PROBLEM DETAILS: Among the lines below, return each one that contains the word "with".

** MATERIAL PROVIDED follows **

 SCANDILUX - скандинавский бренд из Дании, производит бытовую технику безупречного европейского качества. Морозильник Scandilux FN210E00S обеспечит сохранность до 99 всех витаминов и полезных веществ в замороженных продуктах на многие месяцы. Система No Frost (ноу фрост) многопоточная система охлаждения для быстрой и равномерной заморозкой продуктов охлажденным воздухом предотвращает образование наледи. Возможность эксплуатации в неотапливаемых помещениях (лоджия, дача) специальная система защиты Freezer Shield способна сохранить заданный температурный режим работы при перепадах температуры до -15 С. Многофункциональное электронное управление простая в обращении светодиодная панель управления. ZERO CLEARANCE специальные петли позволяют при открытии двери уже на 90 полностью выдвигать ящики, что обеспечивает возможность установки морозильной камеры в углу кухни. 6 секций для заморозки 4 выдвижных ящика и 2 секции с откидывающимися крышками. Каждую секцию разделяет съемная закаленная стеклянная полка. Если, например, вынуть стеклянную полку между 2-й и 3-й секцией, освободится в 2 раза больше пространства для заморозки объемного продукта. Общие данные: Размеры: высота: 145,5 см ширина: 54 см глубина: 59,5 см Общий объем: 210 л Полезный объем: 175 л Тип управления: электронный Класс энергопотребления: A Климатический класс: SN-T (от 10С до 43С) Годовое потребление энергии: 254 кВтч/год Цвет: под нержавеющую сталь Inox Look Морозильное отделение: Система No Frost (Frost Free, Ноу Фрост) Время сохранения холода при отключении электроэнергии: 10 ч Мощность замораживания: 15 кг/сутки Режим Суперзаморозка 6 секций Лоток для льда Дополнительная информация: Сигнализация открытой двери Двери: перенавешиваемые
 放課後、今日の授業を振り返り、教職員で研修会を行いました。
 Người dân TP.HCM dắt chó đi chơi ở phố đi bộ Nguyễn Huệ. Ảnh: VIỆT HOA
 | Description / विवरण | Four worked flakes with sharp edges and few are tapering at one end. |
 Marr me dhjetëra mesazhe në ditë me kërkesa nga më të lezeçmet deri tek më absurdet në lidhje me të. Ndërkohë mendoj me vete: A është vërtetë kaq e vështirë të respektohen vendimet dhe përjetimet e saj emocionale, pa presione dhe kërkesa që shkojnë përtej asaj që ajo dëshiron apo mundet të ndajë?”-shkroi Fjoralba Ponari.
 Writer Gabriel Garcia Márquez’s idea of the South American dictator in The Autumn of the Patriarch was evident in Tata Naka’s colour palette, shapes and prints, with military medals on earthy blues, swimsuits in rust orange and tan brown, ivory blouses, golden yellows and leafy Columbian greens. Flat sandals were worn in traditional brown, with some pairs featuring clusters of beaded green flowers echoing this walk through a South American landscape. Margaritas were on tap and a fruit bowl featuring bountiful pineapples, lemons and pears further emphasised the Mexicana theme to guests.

** End of MATERIAL PROVIDED **
** MATERIAL PROVIDED follows **

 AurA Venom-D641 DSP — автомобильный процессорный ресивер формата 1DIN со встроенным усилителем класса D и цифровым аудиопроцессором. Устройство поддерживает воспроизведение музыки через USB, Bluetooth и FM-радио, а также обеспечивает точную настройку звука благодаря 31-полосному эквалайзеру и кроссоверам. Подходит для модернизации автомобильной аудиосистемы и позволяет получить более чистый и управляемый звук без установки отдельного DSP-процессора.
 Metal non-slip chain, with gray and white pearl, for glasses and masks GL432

** End of MATERIAL PROVIDED **

EXERCISE SOLUTION:
 | Description / विवरण | Four worked flakes with sharp edges and few are tapering at one end. |
 Writer Gabriel Garcia Márquez’s idea of the South American dictator in The Autumn of the Patriarch was evident in Tata Naka’s colour palette, shapes and prints, with military medals on earthy blues, swimsuits in rust orange and tan brown, ivory blouses, golden yellows and leafy Columbian greens. Flat sandals were worn in traditional brown, with some pairs featuring clusters of beaded green flowers echoing this walk through a South American landscape. Margaritas were on tap and a fruit bowl featuring bountiful pineapples, lemons and pears further emphasised the Mexicana theme to guests.
 Metal non-slip chain, with gray and white pearl, for glasses and masks GL432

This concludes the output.